▶ _RECORDS FOR THIS TASK_
--*--

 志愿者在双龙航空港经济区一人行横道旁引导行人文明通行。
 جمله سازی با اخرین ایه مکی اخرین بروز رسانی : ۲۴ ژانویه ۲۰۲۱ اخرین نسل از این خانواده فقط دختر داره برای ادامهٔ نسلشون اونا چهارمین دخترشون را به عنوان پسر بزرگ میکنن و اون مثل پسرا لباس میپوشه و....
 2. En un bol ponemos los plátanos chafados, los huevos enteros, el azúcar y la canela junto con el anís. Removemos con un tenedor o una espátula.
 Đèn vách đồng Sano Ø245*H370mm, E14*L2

--*--

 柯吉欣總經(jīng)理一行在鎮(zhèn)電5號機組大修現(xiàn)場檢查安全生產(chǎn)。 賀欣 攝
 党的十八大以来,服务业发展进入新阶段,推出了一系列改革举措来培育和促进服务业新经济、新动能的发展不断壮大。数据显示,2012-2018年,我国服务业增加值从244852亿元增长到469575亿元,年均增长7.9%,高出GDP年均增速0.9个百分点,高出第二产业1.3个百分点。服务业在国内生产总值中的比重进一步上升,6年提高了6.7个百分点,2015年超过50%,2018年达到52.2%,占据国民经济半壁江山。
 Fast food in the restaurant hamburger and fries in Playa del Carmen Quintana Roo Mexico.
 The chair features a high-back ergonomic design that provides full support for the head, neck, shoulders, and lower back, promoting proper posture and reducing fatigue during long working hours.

--*--

▶ _DIRECTIONS_
Among the entries above, find the line with "志愿者在双龙航空港经济区一人行横道旁引导行人文明通行。" and the line with "Đèn vách đồng Sano Ø245*H370mm, E14*L2"; give again exactly these two lines and all lines between them.

▶ _TASK SOLUTION_
 志愿者在双龙航空港经济区一人行横道旁引导行人文明通行。
 جمله سازی با اخرین ایه مکی اخرین بروز رسانی : ۲۴ ژانویه ۲۰۲۱ اخرین نسل از این خانواده فقط دختر داره برای ادامهٔ نسلشون اونا چهارمین دخترشون را به عنوان پسر بزرگ میکنن و اون مثل پسرا لباس میپوشه و....
 2. En un bol ponemos los plátanos chafados, los huevos enteros, el azúcar y la canela junto con el anís. Removemos con un tenedor o una espátula.
 Đèn vách đồng Sano Ø245*H370mm, E14*L2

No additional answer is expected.